А мы тем же утром швартовы отдали да в низы пошли. Уж потом только узнал я, что вырезали Гуду моему грыжу и не стало силача такого на «Петре» нашем, не гудел больше Гуд мой...
    – Жаль Гуда, – вздыхает Семка, – хороший, видно, был человек.
    – Хороший, – в такт Семке вздыхает дед. – Но грустить шибко не стоит. Были и кроме Гуда на «Петре»-то люди интересные. И хоть побыл я на пароходе том недолго, однако повидать кой-кого повидал. И дед и Семка замолкают, всматриваются вдаль, вслушиваются в ритм двигателя. Хорошо им молчится, дружно.
    – Спать, поди, хочешь? – спрашивает дед. – Пошел бы вздремнул, а?
    Семка отрицательно мотает головой.
    – Не хочу, дед. Ты же обещал, что вахту вместе будем нести. Лучше давай-ка расскажи, почему ты с «Петра Великого» ушел. Четыре рубля-то тебе по осени дали или нет?
    – Не дали. Да и сам бы, знаешь, не ушел. Высадили меня. А дело вот как было. Шли мы тогда из Астрахани в Самару, арбузами груженые. Время у меня по вечерам имелось. А потому решил я его использовать с толком и привезти деду моему, Федору Матвеевичу, арбузного вина. Мужики-то на «Петре» все его попивали. А вино так делали: дырку в арбузе прорезаешь – и стопку водки туда. Перебродит сок недельки две, корки разрежешь, мякоть отожмешь – и пей-попивай. Сам-то, конечно, не пил, я этим делом никогда не баловался. Деду вез, любил я его, вот и хотел гостинца ему привезти. Взял еще при погрузке два больших арбуза, водки чуток у мужиков выпросил, залил все это хозяйство, а чтоб покрепче перебродило да не нашел никто – опустил в машину, завернул в ветошь, да там и оставил. Думал, как раз к своему возвращению все у меня готово будет. Но не получилось. Не довез. Сплю как-то в кубрике своем, тихо все, спокойно. Вдруг слышу сквозь сон будто рвануло что, да так сильно, что я и святого отца вспомянул. Вскочил с койки и пулей в чем был на палубу. А там и без меня переполох. Бегут все – кто с ведром, кто с брезентом. Механик уж давно машину остановил и бедственные огни на мачте зажег. Спустились в машинное отделение, а там никто ничего не поймет – все вокруг в какой-то шелухе, пригляделись, а это зеленые корки да семечки. Жарко было, вишь, в машине-то, вот и рванули мои арбузы раньше срока. Ну а по прибытии в родные места меня торжественно с «Петра»-то и списали. Долго меня потом ребята Петькой-арбузником звали.
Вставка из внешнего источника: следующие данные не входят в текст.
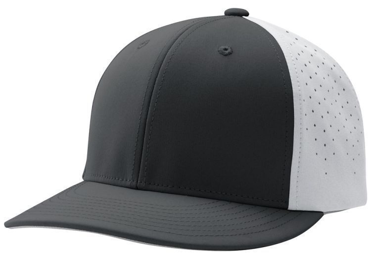 Champro HC1T Perforated Liet Flex-Fit Baseball Cap features poly spandex Dri-Gear wicking fabric / perforated hole mesh back in a 2-color design. Champro HC1T has a mid profile 6-panel design, flex-fit style, laser cut perforated holes, C-FIT wicking sweatband and anti-glare graphite grey color under visor.

    – А дальше, дальше-то что было, – посмеиваясь, спрашивает Семка.
    – Эх, да все тебе, непоседе, сразу, – решительно встает и подходит к штурвалу дед. – Многое дальше было, жизнь была, со всеми ее порогами и притоками. Ладно, Семка. Хорош на сегодня. Смотрю я, уж туманом потянуло и темень вон какая. Вали-ка, брат, спать. На ночь-то в бережок ткнемся, а с утра ушицы сварим, позавтракаем и пойдем. К вечеру как раз на месте будем. Пятница у нас завтра или уж сегодня?
    – Пятница, – отвечает Семка.
    – Это хорошо. Люди с работы придут – пивка попьют. А то, знашь, днем пить пиво не дело.
Через четверть часа катер замирает у берега. Дед еще остается в рубке, а Семка спускается в спальный носовой отсек, представляя, как доберутся они вечером в поселок, где их с радостью встретят, а потом дед непременно скажет ему что-нибудь вроде: «Молодец, Семка. Правильный курс держишь. Вот школу закончишь, в армии, а лучше на флоте отслужишь и давай иди учись на штурмана. Придешь ко мне когда-нибудь на могилку и расскажешь – как там оно ходится. Приятно мне будет».
    А над рекой, над берегом и над лесом все гуще и плотнее расползается туман, скрывая от чужого, стороннего взгляда до сих пор еще нужного старика «Беркута».